DESCRIPTION (provided by applicant): Right ventricular failure is the primary cause of mortality in patients with pulmonary arterial hypertension and there currently are no therapies to reverse right ventricular dysfunction. Other's work and our own preliminary data have suggested altered metabolism including decreased fatty acid oxidation and lipid deposition may contribute to right ventricular failure in both human pulmonary arterial hypertension and in rodent models of RV dysfunction associated with pulmonary arterial hypertension. We have identified both fatty acid oxidation and increased lipid transport into cardiomyocytes as mechanisms that promote right ventricular lipid accumulation. Moreover, in preliminary data we have used MR spectroscopy to measure lipid deposition in the right ventricle of a patient with pulmonary arterial hypertension and found 10 fold higher percent triglyceride compared with controls. Based on these preliminary data, we now hypothesize that cardiomyocyte lipid deposition promotes RV failure in pulmonary arterial hypertension. Multiple mechanisms may result in right ventricular myocyte lipid deposition including Western diet resulting in increased lipid import or genetic mutations associated with impaired fatty acid oxidation with resultant accumulation of fatty acid metabolites and we propose two specific aims to study the mechanisms leading to lipid accumulation and the effect of deposition on right ventricular dysfunction.
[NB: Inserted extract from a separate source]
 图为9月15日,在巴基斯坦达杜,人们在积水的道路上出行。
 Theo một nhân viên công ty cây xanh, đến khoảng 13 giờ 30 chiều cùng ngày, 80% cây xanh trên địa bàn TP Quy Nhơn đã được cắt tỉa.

Our third specifi aim will translate these findings to humans in a trial of metabolic therapy for right ventricular failure with metformin and test the effect of this fatty acid oxidation enhancer on right ventriculr lipid measured by cardiac magnetic resonance spectroscopy. We will use cell culture, rodent model and human studies to study the mechanisms by which lipid deposition occurs, the functional consequences of lipid accumulation and if metabolic interventions to decrease lipid accumulation will improve right ventricular function in both rodent models and human disease. The long-term goal of these studies is to develop effective metabolic therapy for right heart failure in pulmonary arterial hypertension.
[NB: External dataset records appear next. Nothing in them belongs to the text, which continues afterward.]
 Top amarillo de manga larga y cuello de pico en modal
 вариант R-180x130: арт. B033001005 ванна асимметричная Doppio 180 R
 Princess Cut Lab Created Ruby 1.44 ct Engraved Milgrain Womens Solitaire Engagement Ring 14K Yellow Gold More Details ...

描述（由申请人提供）：右心室衰竭是肺动脉高压患者死亡的主要原因，目前尚无逆转右心室功能障碍的疗法。其他人的工作和我们自己的初步数据表明，代谢改变（包括脂肪酸氧化和脂质沉积减少）可能导致人类肺动脉高压和与肺动脉高压相关的右心室功能障碍的啮齿动物模型中的右心室衰竭。我们已经确定脂肪酸氧化和增加脂质转运至心肌细胞是促进右心室脂质积累的机制。此外，在初步数据中，我们使用 MR 光谱测量了肺动脉高压患者右心室的脂质沉积，发现甘油三酯百分比比对照组高 10 倍。基于这些初步数据，我们现在假设心肌细胞脂质沉积促进肺动脉高压中的右心室衰竭。多种机制可能导致右心室肌细胞脂质沉积，包括西方饮食导致脂质输入增加或与脂肪酸氧化受损相关的基因突变，从而导致脂肪酸代谢物积累，我们提出了两个具体目标来研究导致脂质积累的机制和沉积对右心室功能障碍的影响。我们的第三个具体目标是将这些发现转化为人类，进行二甲双胍治疗右心室衰竭的代谢疗法试验，并测试这种脂肪酸氧化增强剂对通过心脏磁共振波谱测量的右心室脂质的影响。我们将利用细胞培养、啮齿动物模型和人类研究来研究脂质沉积发生的机制、脂质积累的功能后果，以及减少脂质积累的代谢干预是否会改善啮齿动物模型和人类疾病中的右心室功能。这些研究的长期目标是开发治疗肺动脉高压右心衰竭的有效代谢疗法。